▶ _AVAILABLE RECORDS_:
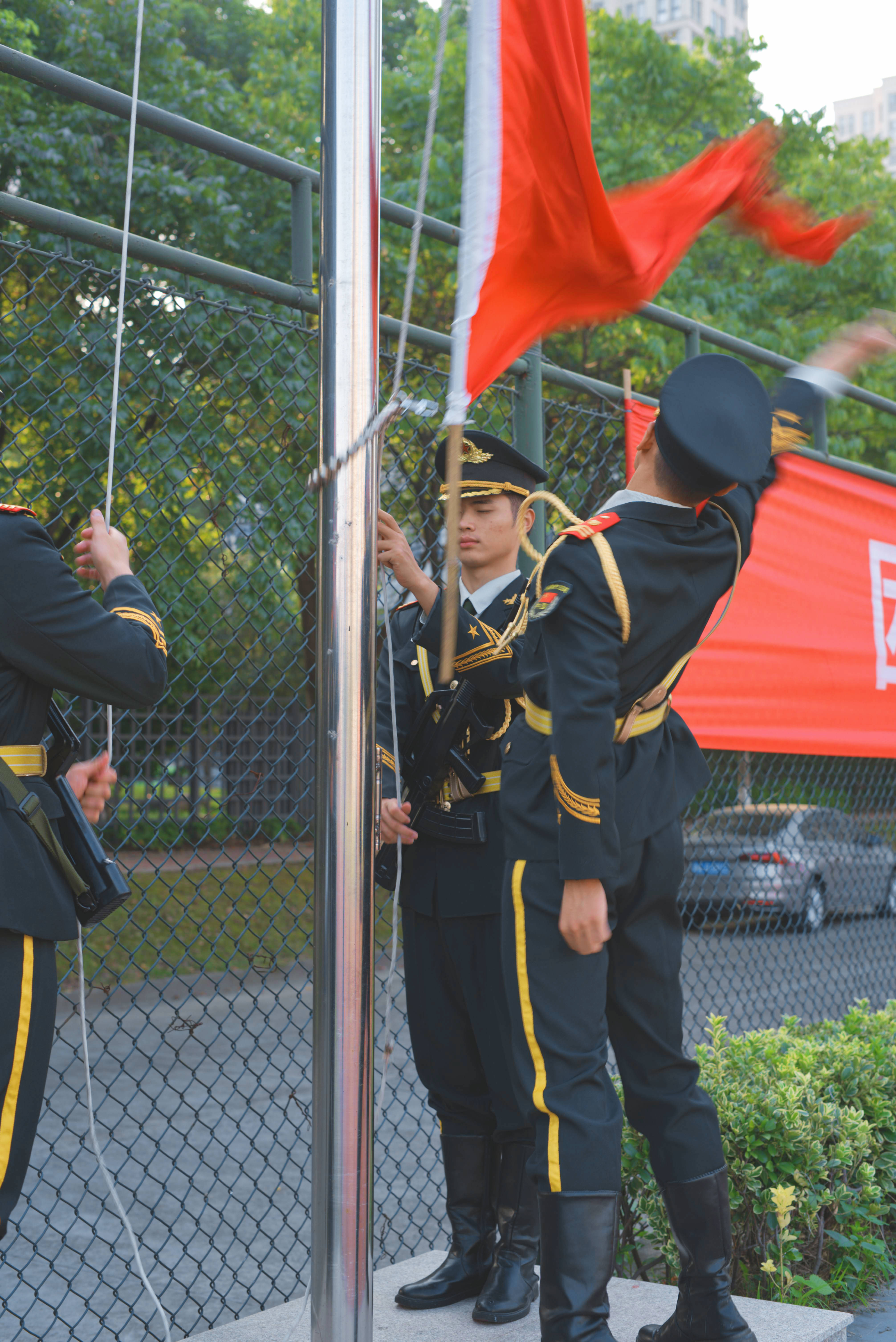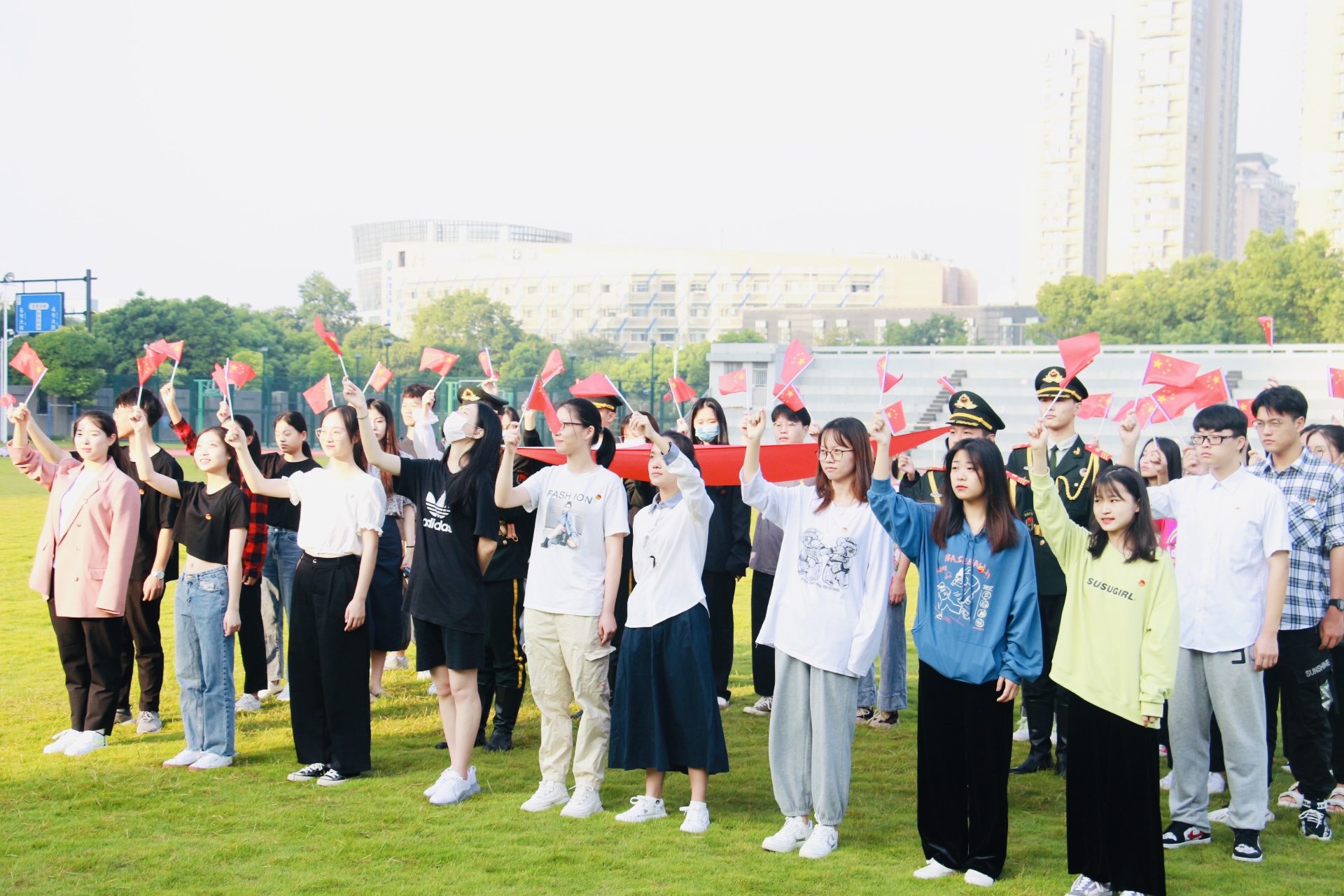 2020年10月1日上午7点整,在学院操场国旗台下,我们举行了“传承红色基因 ,续写时代华章”升旗仪式。伴随着《义勇军进行曲》,“荣伍社”国旗护卫队,精神抖擞、整齐划一,迈着铿锵有力的步伐,护卫着五星红旗入场,升旗手振臂一挥,这就是你们的荣耀!
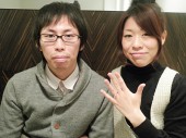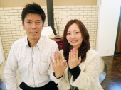 「エンゲージに続き、マリッジも購入させていただきました。対応も良く、とても良い雰囲気で気持ち良く選べました。指輪の種類も多く、店内もキレイで、チョコレートが出てくるのも嬉しい。おすすめのお店です。満足です。ありがとうございました。」
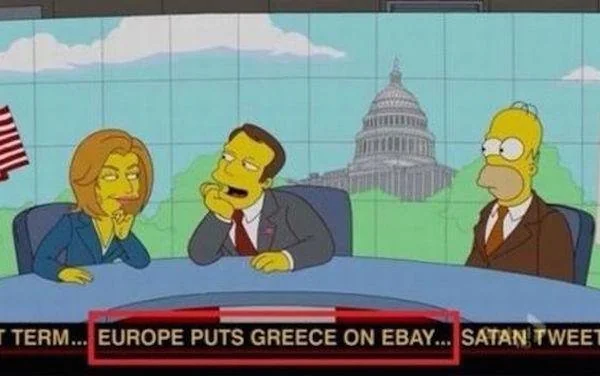 A 2012 episode shows a “Europe collapses” headline with Greece’s flag. Just a few years later, the country’s debt crisis made the gag unexpectedly topical.
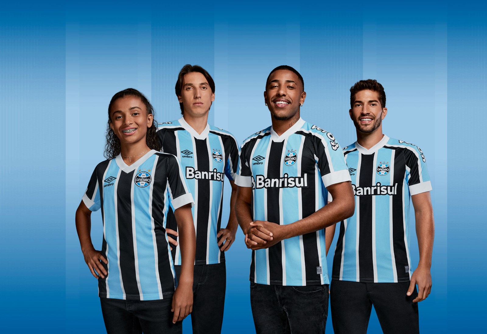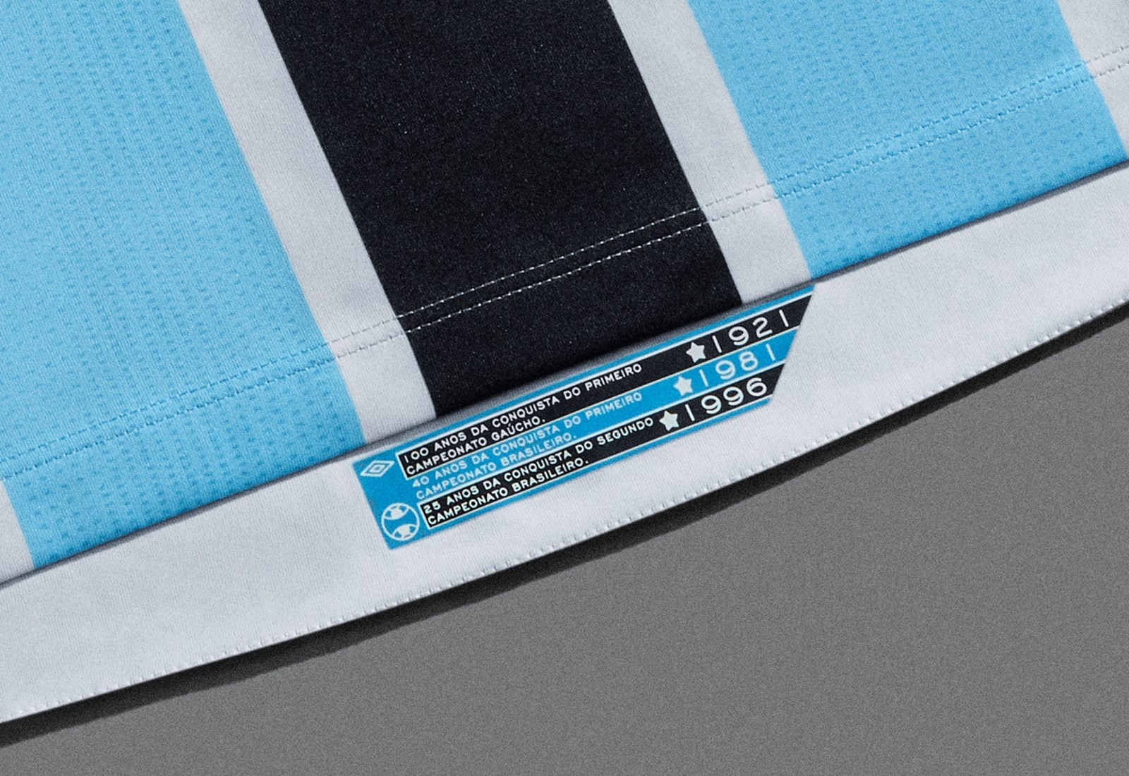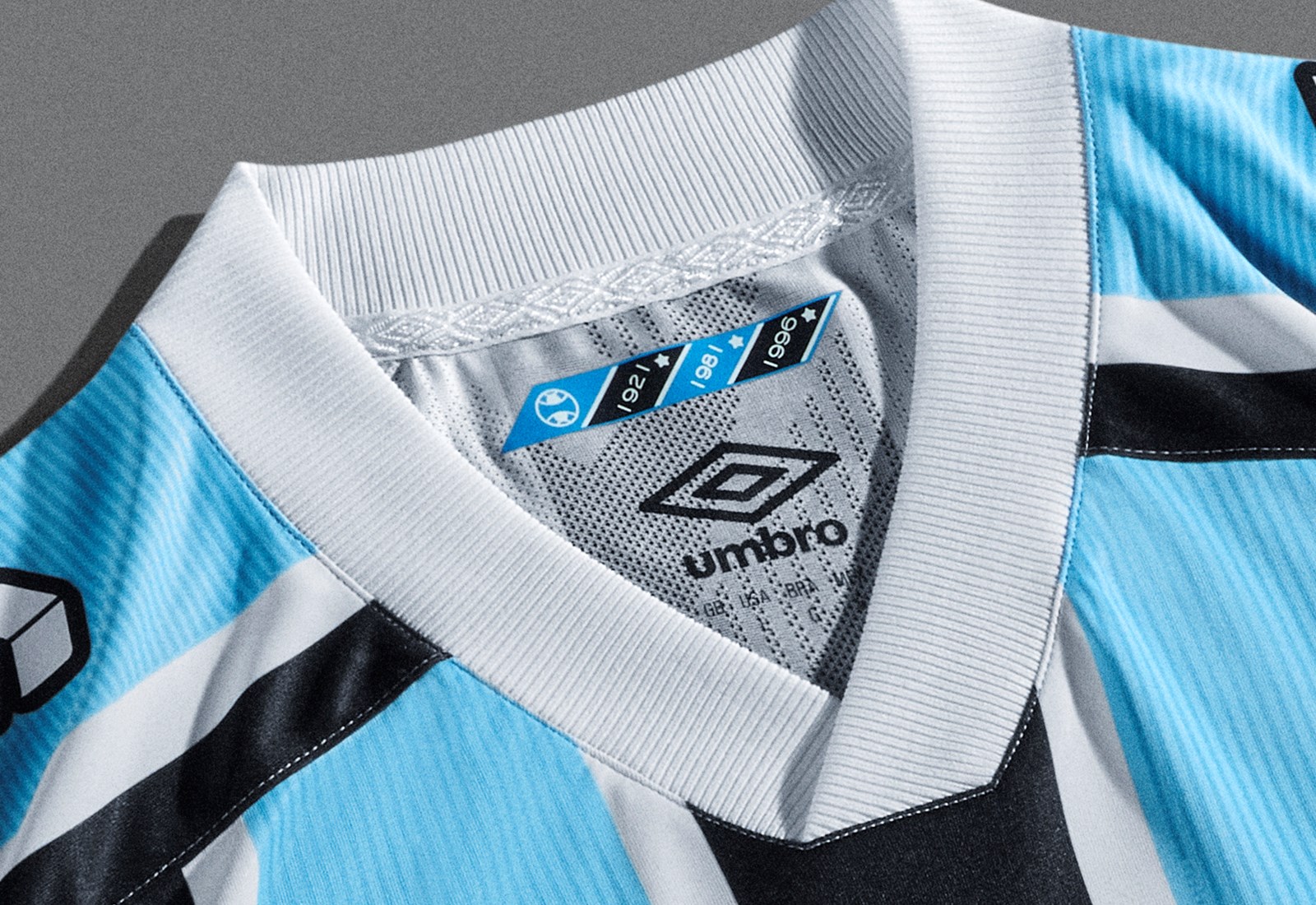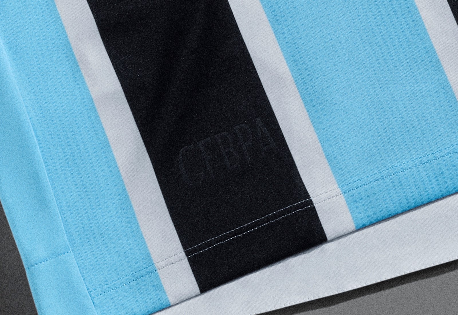 The new Grêmio primary design for 2021-22 features the famous tri-colour stripes - here in black, white and textured sky blue - with deep overlapping “V”-style neck and cuffs matching in white.
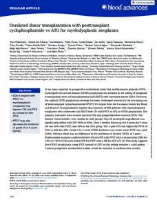 Unrelated donor transplantation with posttransplant cyclophosphamide vs ATG for myelodysplastic neoplasms
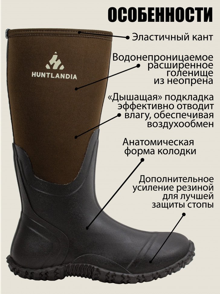 Сапоги Huntlandia Bot не боятся сложных условий. Нижняя часть сапога выполнена из прочной износостойкой резины, защищающей ноги от воды, грязи и механических повреждений. В области носка и пятки усилена толщина материала, что обеспечивает дополнительную защиту от ударов о камни и ветки. Это особенно важно при ходьбе по пересеченной местности, во время охоты или рыбалки.
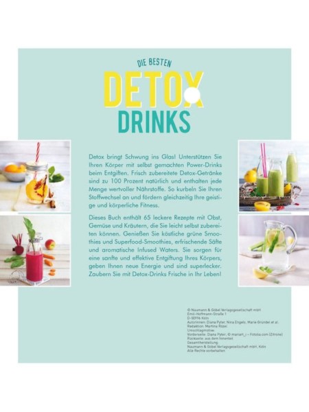 Detox-Drinks sind Power-Drinks! Natürlich, nährstoffreich und frisch zubereitet kurbeln Detox-Getränke den Stoffwechsel an und fördern gleichzeitig die geistige und körperliche Fitness. Dieses Buch enthält 65 leckere Rezepte mit Obst, Gemüse und Kräutern, die Sie leicht selbst zubereiten können. Wissenswerte Extra-Infos zu den Zutaten und eine kundige Einleitung ergänzen die Rezeptauswahl perfekt und erleichtern den Einstieg ins Detoxing.

▶ _YOUR INSTRUCTIONS_:
Word for word, restate the lines above from the first through the one that contains "Сапоги Huntlandia Bot", and exclude all pictures.

▶ _ANSWER FOR THIS EXERCISE_:
 2020年10月1日上午7点整,在学院操场国旗台下,我们举行了“传承红色基因 ,续写时代华章”升旗仪式。伴随着《义勇军进行曲》,“荣伍社”国旗护卫队,精神抖擞、整齐划一,迈着铿锵有力的步伐,护卫着五星红旗入场,升旗手振臂一挥,这就是你们的荣耀!
 「エンゲージに続き、マリッジも購入させていただきました。対応も良く、とても良い雰囲気で気持ち良く選べました。指輪の種類も多く、店内もキレイで、チョコレートが出てくるのも嬉しい。おすすめのお店です。満足です。ありがとうございました。」
 A 2012 episode shows a “Europe collapses” headline with Greece’s flag. Just a few years later, the country’s debt crisis made the gag unexpectedly topical.
 The new Grêmio primary design for 2021-22 features the famous tri-colour stripes - here in black, white and textured sky blue - with deep overlapping “V”-style neck and cuffs matching in white.
 Unrelated donor transplantation with posttransplant cyclophosphamide vs ATG for myelodysplastic neoplasms
 Сапоги Huntlandia Bot не боятся сложных условий. Нижняя часть сапога выполнена из прочной износостойкой резины, защищающей ноги от воды, грязи и механических повреждений. В области носка и пятки усилена толщина материала, что обеспечивает дополнительную защиту от ударов о камни и ветки. Это особенно важно при ходьбе по пересеченной местности, во время охоты или рыбалки.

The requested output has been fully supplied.